Copy the final lines exactly, starting at the one that contains "16. Drain ATF" and ending with the last line of the listing below. Pictures are not part of the copy.

The data →
* * *
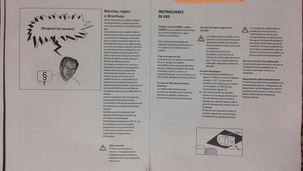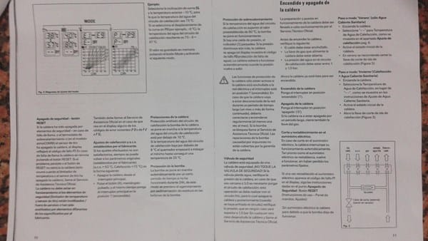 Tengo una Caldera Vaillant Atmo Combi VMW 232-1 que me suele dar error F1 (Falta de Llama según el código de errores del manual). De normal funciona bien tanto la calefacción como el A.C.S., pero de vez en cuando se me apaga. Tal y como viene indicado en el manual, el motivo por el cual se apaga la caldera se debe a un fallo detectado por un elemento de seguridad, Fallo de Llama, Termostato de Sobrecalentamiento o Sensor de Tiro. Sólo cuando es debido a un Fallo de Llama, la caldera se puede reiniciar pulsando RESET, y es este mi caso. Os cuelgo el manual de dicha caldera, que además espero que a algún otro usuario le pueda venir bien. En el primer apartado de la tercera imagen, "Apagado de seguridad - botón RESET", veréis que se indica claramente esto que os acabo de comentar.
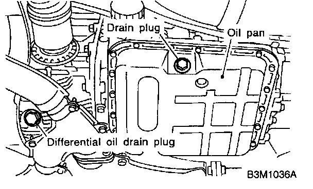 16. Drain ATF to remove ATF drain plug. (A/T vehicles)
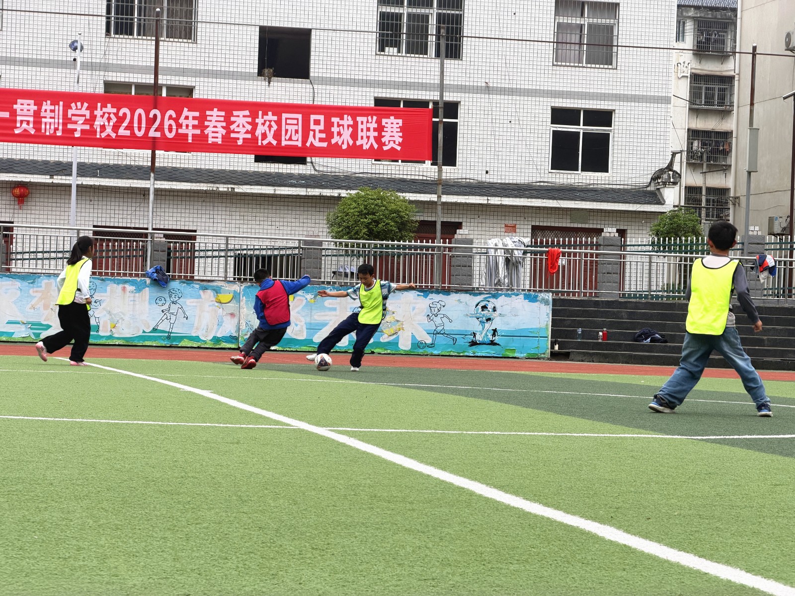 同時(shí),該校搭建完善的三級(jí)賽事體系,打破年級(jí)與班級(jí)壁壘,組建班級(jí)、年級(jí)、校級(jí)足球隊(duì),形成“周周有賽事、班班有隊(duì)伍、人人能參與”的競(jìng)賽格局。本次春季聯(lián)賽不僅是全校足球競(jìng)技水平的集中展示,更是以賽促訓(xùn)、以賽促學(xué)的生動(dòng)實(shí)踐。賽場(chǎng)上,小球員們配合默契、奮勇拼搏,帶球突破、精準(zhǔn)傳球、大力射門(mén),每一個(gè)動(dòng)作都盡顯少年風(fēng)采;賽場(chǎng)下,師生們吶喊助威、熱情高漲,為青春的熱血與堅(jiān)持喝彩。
* * *
Task response →
 16. Drain ATF to remove ATF drain plug. (A/T vehicles)
 同時(shí),該校搭建完善的三級(jí)賽事體系,打破年級(jí)與班級(jí)壁壘,組建班級(jí)、年級(jí)、校級(jí)足球隊(duì),形成“周周有賽事、班班有隊(duì)伍、人人能參與”的競(jìng)賽格局。本次春季聯(lián)賽不僅是全校足球競(jìng)技水平的集中展示,更是以賽促訓(xùn)、以賽促學(xué)的生動(dòng)實(shí)踐。賽場(chǎng)上,小球員們配合默契、奮勇拼搏,帶球突破、精準(zhǔn)傳球、大力射門(mén),每一個(gè)動(dòng)作都盡顯少年風(fēng)采;賽場(chǎng)下,師生們吶喊助威、熱情高漲,為青春的熱血與堅(jiān)持喝彩。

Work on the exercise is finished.